Representatives of Har Sinai-Oheb Shalom Congregation made a guest appearance at Bolton Street Synagogue’s Friday night services on June 11 to present Bolton Street with a special gift: one of Har Sinai-Oheb Shalom’s Torah scrolls.

The Har Sinai-Oheb Shalom visitors included Interim Senior Rabbi Jennifer Weiner, Co-Presidents Mina Wender and Ken Bell and Co-Vice President Sam Dansicker.


Bell, a resident of Pikesville, originally had the idea for the Torah transfer during a joint, Friday-night Shabbat service at Bolton Street in 2020, prior to the pandemic, that included both his synagogue and Baltimore Hebrew Congregation, he said. The merger between the previously independent Har Sinai and Oheb Shalom synagogues had left the new shul with a particularly high number of Torah scrolls.

“We literally had more Torahs than places and arks in the building to place them,” Bell said. “And they were just being safely stored away.”

At the service, while talking to Elaine Richman, the president of Bolton Street Synagogue, Bell suggested giving one of these scrolls a new home at Bolton Street, he said, an idea that she and Bolton Street proved receptive to. He considers Bolton Street to be one of Har Sinai-Oheb Shalom’s “sister congregations,” he said, as they are both Union for Reform Judaism congregations and try to help each other whenever they can.

This was not the first time that Har Sinai-Oheb Shalom, or rather its predecessor congregations, has donated one of its Torah scrolls, Bell said. Har Sinai Congregation had permanently loaned one to the URJ’s Six Points Creative Arts Academy before.

The transfer was approved by Wender and Har Sinai-Oheb Shalom’s executive committee, Bell said. Dansicker and Weiner made the decision on which of the synagogue’s Torahs to give to Bolton Street. Bell stressed that the one chosen was not a Holocaust Torah, and that staff checked the existing records to ensure that it could not be traced to a donation by a member.

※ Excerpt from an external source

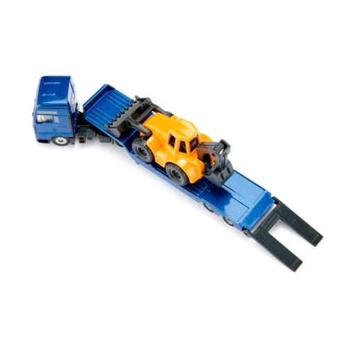 Desc. Técnica: Este ano, a SIKU apresenta uma verdadeira sensação no mundo da construção civil: o camião MAN com retroescavadora. Este reboque rebaixado não é um camião como os outros, mas sim o transporte VIP que põe em movimento os heróis da construção civil. Desde grandes obras na vida real até pequenos projetos no quarto das crianças, este nome é mais do que um logótipo: é uma promessa. Uma promessa que a SIKU traz para o mundo dos brinquedos com o seu modelo de reboque rebaixado. Porque, quando a carga é descarregada, não há como parar: a retroescavadora procura por tesouros perdidos no sofá.

The handover was delayed by the pandemic, Bell said, but as hybrid or in-person services began returning, he reached out again to Richman and Bolton Street’s Rabbi Andy Gordon about finally getting it done. Bell had hoped to get the transfer done before his term of office finishes before the end of the month, as did Richman and Wender whose terms are also ending, Bell said.

With the handover now complete, Har Sinai-Oheb Shalom still has over a dozen Torah scrolls in its possession, Bell said.

“I’m thrilled and delighted,” Bell said regarding the handover, “even more so because it is one of our sister congregations.”

Har Sinai-Oheb Shalom’s generosity will go down in Bolton Street’s history books, Richman said in an email, as they now have the security of knowing their ark contains a second scroll for learning and worship.

“I can promise you that it will be used to address our guiding value of L’dor V’dor: the passing of Jewish values, wisdom and traditions from generation to generation,” Richman said.